Chairman Nadler Opening Statement for Subcommittee Hearing on Diagnosing the Problem: Exploring the Effects of Consolidation and Anticompetitive Conduct in Health Care Markets
Washington, DC, March 7, 2019
Today, House Judiciary Committee Chairman Jerrold Nadler (D-NY) delivered the following opening remarks during a Subcommittee on Antitrust, Commercial, and Administrative Law hearing on “Diagnosing the Problem: Exploring the Effects of Consolidation and Anticompetitive Conduct in Health Care Markets”:
“The Judiciary Committee has a strong tradition of bipartisan efforts to promote competition in health care markets, particularly with respect to helping to make prescription drugs, and other health care services, more affordable through the full benefits of competition.
“Over the past several years, the Subcommittee has held numerous hearings in this area, examining the topics of consolidation in the market for health insurance, competition in the drug supply chain, and anticompetitive practices by prescription drug companies.

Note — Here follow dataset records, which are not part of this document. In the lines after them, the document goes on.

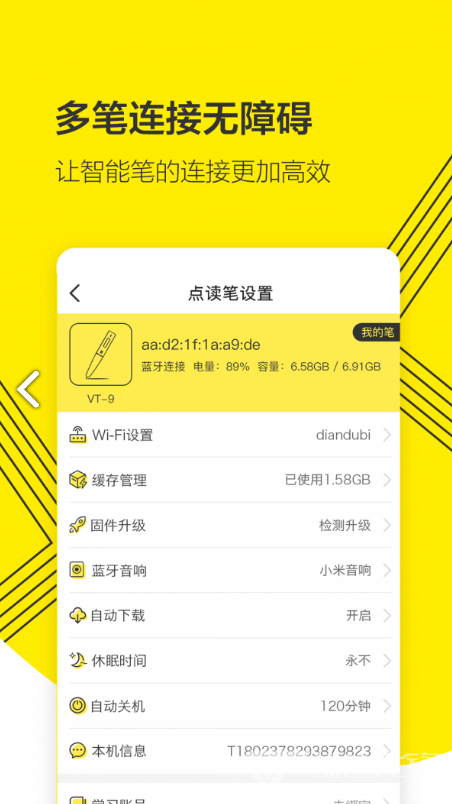 3. 设置wifi:绑定成功后,自动跳转到点读笔设置界面,点击wifi设置,选择要连接的wifi名称并输入密码。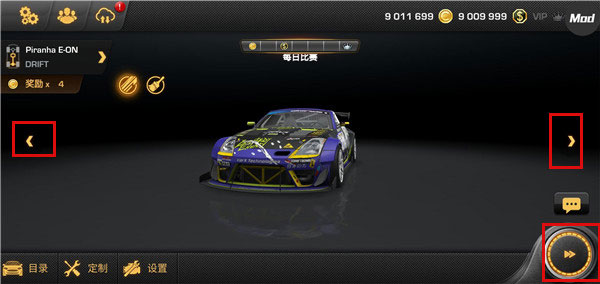 1在开始比赛之前,你可以先点击左右栏来切换赛车。当选中自己心仪的赛车后,再点击右下角的标志,即可开始比赛。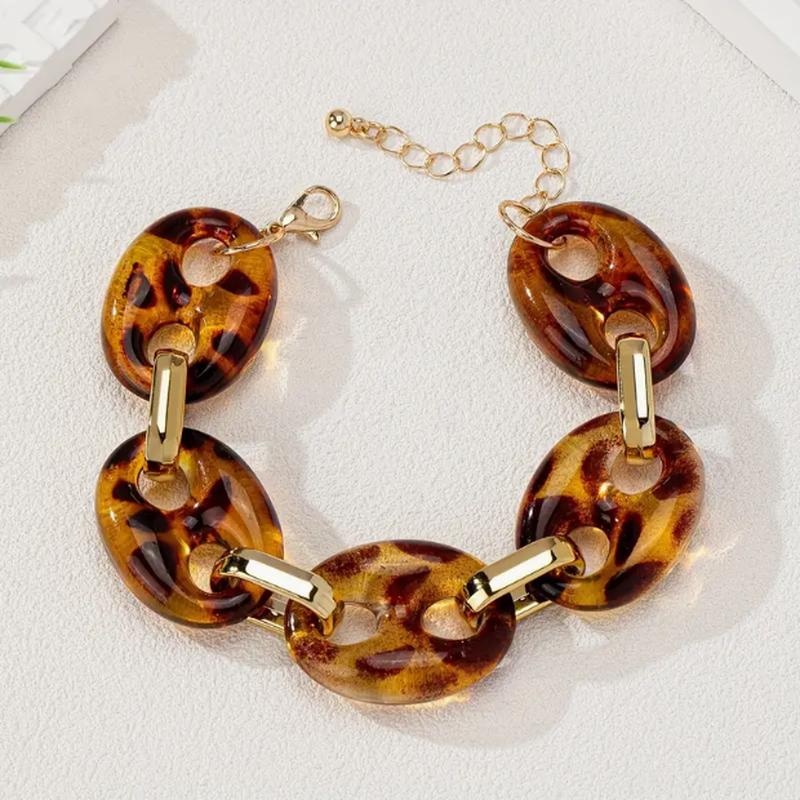 Браслет женский Стильный браслет эффектной цепочки Современный акцентный леопардовый принт акриловая прозрачная структура Чередование леопардовых и золотых вставок фурнитура золотого цвета круг браслета 19см размер звена 2х3 см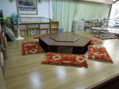 1ねんきょうしつのまえには そうごうがくしゅうしつが あります。6かくけいの おおきな つくえが あります。 ここでは,がくしゅうをしたり ほんをよんだり げえむをしたりします。これまでに くらましょうがっこうを そつぎょうされた かたがたが かかれた ぶんしゅう『くらまの こ』もありますよ。どこにあるか さがしてみましょう。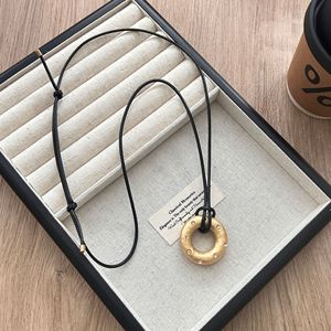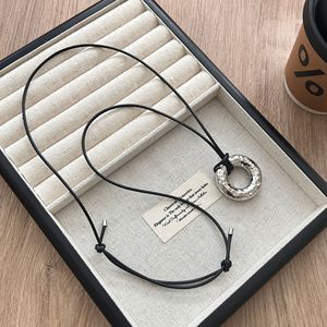 时尚锤纹镶钻皮绳圆环长款项链女小众轻奢高级感毛衣链配饰可调节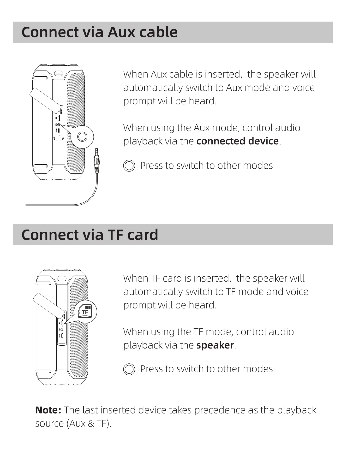 When TF card is inserted, the speaker will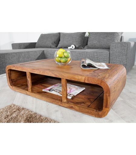 Bijzondere salontafel met ronde vormgeving en inclusief opbergruimte. Het betreft een natuurproduct, kleurafwijkingen en oneffenheden zijn mogelijk. Kleursamenstelling en vormen zijn nooit identiek. Afmetingen bxdxh 100 x 50 x 28 cm open vakken vanaf zijkant 28 x 45 x 20 cm Kleur: Tafelblad: bruin Materialen: sheesham hout Sheesham hout vindt zijn oorsprong in India en Vietnam. Het betreft een duurzame houtsoort en heeft een... ...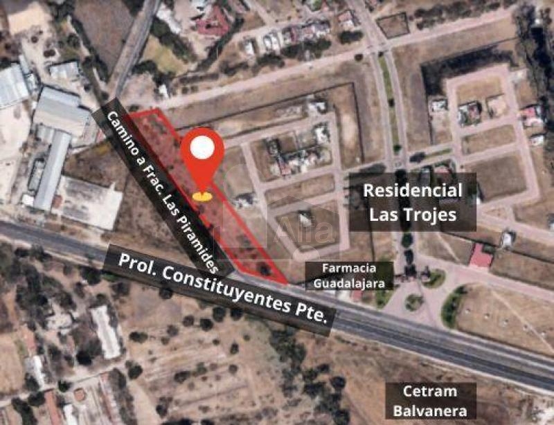 Este terreno de 7,153 m² se encuentra sobre Prolongación Constituyentes Poniente, a unos metros de Residencial Las Trojes y muy cerca del Parque Industrial Balvanera, en un corredor con alto flujo vehicular y gran conectividad logística.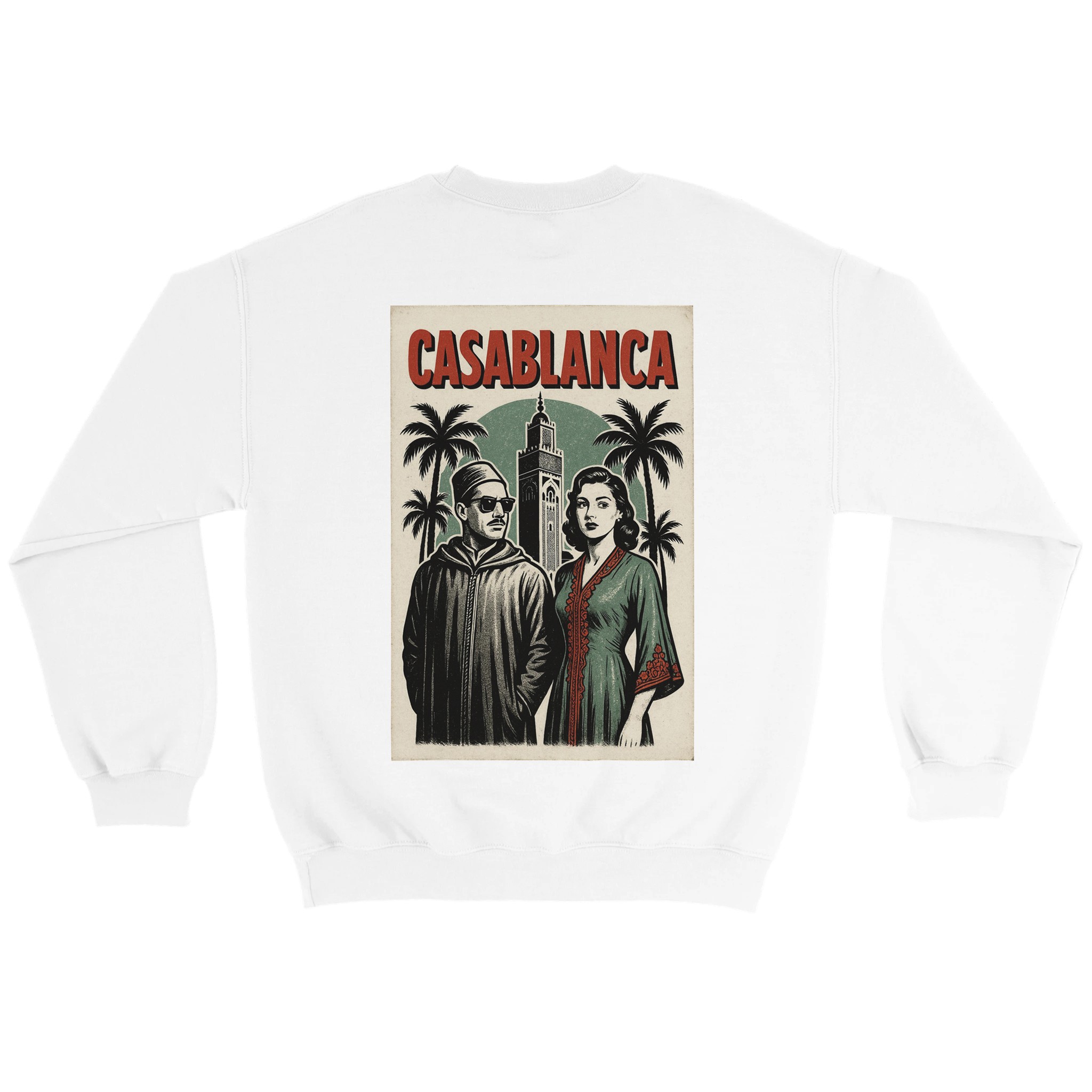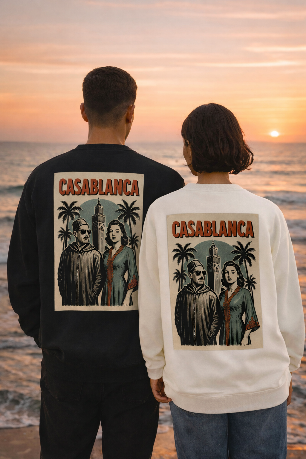 Casablanca 🎬 Design poster vintage inspiré du film iconique. Hommage à la ville blanche et à l’âge d’or du cinéma. Style rétro intemporel.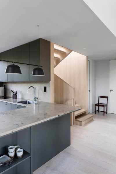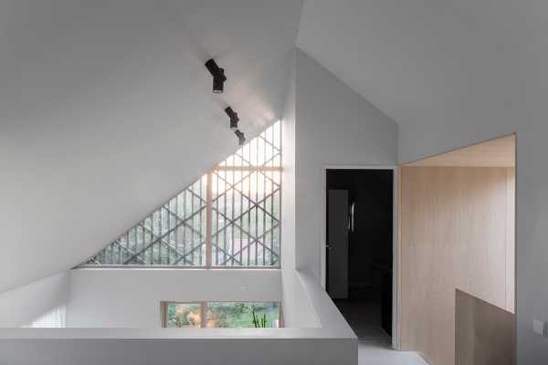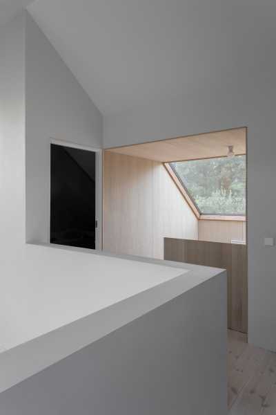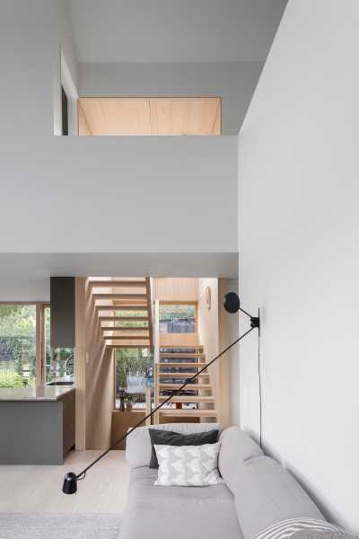 Інша перешкода виникла через розміщення будівлі на схилі, і полягала вона у створенні світлих приміщень із найкращими краєвидами на всіх рівнях, зокрема й на нижньому ярусі. Завдання було вирішено за допомогою проєктування просторів відкритого планування з великими вікнами, стелями подвійної висоти та відкритими дерев’яними сходами, розташованими в тильній частині будинку з великими вікнами та скляним верхом. Відкритість приміщень дала можливість не лише створити затишні та світлі інтер’єри, а й налагодити їхній тісний зв’язок із навколишньою природою. Старанно розроблена система штучного освітлення доповнює освітлення будинку у вечірній час і в негоду.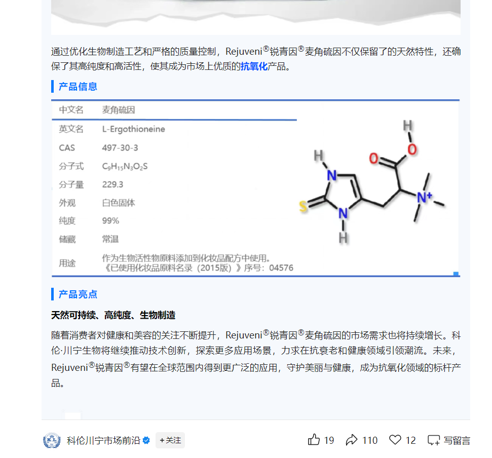 另外, 麦角硫因能否口服尚且存疑。据前述川宁生物介绍麦角硫因的文章,末尾处截图显示该麦角硫因的用途是作为生物活性物原料添加到化妆品配方中使用。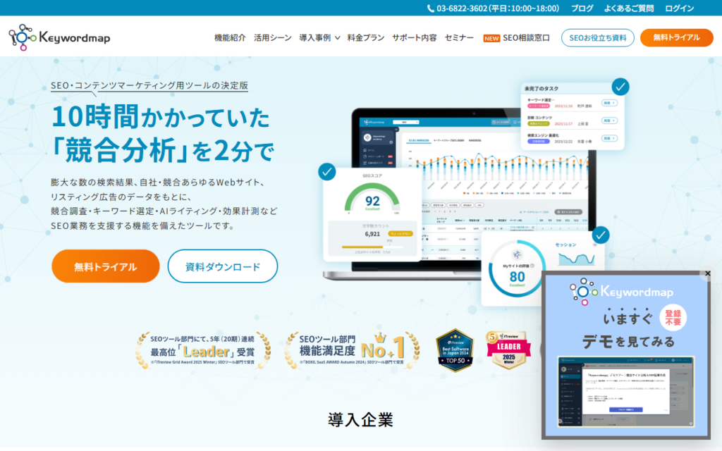 Keywordmapは、膨大な検索結果データ・Webサイトデータ・リスティング広告データをもとに、SEO・コンテンツマーケティングを包括的に支援するSaaSツールです。自然言語処理技術とAIを活用しています。 AI Overviewsモニタリング機能やAIライティングを効率... -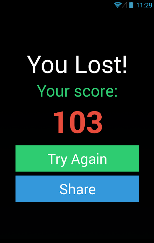 Tap The Color is a game based on the Stroop effect. Your mind gets confused while reading a color name printed in different color, simple addictive and funny!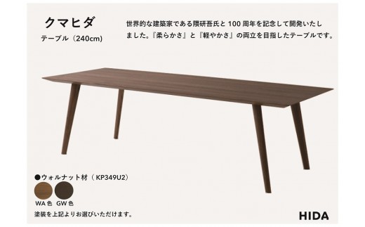 - 【飛騨の家具】HIDA クマヒダ テーブル ウォルナット 幅240(KP349U2)|飛騨高山 伝統工芸 匠 日本 和風 インテリア ダイニング 机 テーブル飛騨産業 CG456

“It is essential that we continue this important work through today’s hearing, and throughout this Congress, as we seek to provide meaningful relief to Americans who struggle every day with the high costs of medicine, insurance premiums, and hospital bills.
“Today, one quarter of Americans report that it is difficult to afford their medicines. In fact, exorbitant medical bills is one of the major causes of why Americans seek bankruptcy relief.
“It is painfully clear that the soaring costs of health care are bad for the health and well-being of American families.
“It is unacceptable that seniors cannot afford the arthritis medication they need to perform everyday tasks, such as buttoning their coats or opening a jar, without excruciating pain.
“It is unacceptable that hundreds of thousands of cancer patients are reportedly delaying lifesaving care, cutting their pills in half, or skipping drug treatment entirely due to high drug prices.
“And it is unacceptable that those suffering from diabetes have to worry about the life-threatening consequences of not being able to afford insulin because of its unaffordable cost.
“Last week, when confronted with the facts surrounding skyrocketing prescription drug prices, the executives of 7 major drug manufacturers responded by pointing fingers somewhere else, including insurers and pharmacy benefit managers (PBMs).
“But as many experts have noted, including some of the witnesses who will testify here today, the lack of competition in health care markets is one of the primary causes of escalating costs.
“In fact, the CEOs of some major drug companies acknowledge that competition plays a key role in driving down prices. For example, one testified just last week that “competition is a key component to reducing costs.”
“The significance of competition from lower-priced generic drugs, in particular, cannot be overstated.
“According to the Federal Trade Commission, the first generic competitor’s product is typically offered at a price 20% to 30% below the branded product’s price. Subsequent generic entry creates greater price competition, with price drops reaching 85% or more off the brand price.
“Similarly, the Congressional Budget Office reported in 2010 that the retail price of a generic is 75% lower, on average, then the retail price of a brand-name drug.
“In response to the threat of generic entry, which of course threatens the ability of branded drug companies to charge monopoly prices, these companies have engaged in numerous anticompetitive tactics.
“This Committee has been—and will continue to be—active in stopping drug companies from reaping monopoly profits at the expense of the health of working American families.
“For example, I am proud to be an original co-sponsor of H.R. 965, the ‘Creating and Restoring Equal Access to Equivalent Samples Act of 2019,’ or the ‘CREATES Act.’ This bipartisan legislation, introduced last month by Subcommittee Chairman Cicilline and Ranking Member Sensenbrenner, seeks to remove an obstacle to generic competition by making it easier for generic drug companies to obtain the samples they need to enter the marketplace.
“Another concern involves so-called ‘pay-for-delay’ settlements, which occur when a branded drug firm pays a potential generic competitor to abandon a patent challenge and, thereby, delay entering the market with a lower-cost generic product. These agreements are a win for both drug companies: the brand-name drug company gets to keep its monopoly, and the generic gets paid off with a portion of the monopoly profits. But consumers lose.
“According to an FTC study, pay-for-delay agreements are estimated to cost American consumers $3.5 billion per year—$35 billion over the decade from 2010 to 2020.
“That is why I plan to introduce bipartisan legislation this Congress to help end pay-for-delay settlements.
“As we all know, a lack of competition and anticompetitive conduct is not just limited to the pharmaceutical marketplace—these problems show up in hospital markets as well. For example, it is well-documented that hospital mergers can lead to higher prices and lower quality of care.
“Hospital consolidation also results in fewer options for patients. This is especially harmful for expecting mothers or women seeking reproductive health services who depend on a full range of options for care.
“I hope that our discussion today will continue our bipartisan work to diagnose the problems associated with consolidation and anticompetitive conduct in health care markets, as well as break new ground on confronting the harmful effects of hospital consolidation.
“Accordingly, I look forward to hearing from our witnesses today and I thank them for their participation.”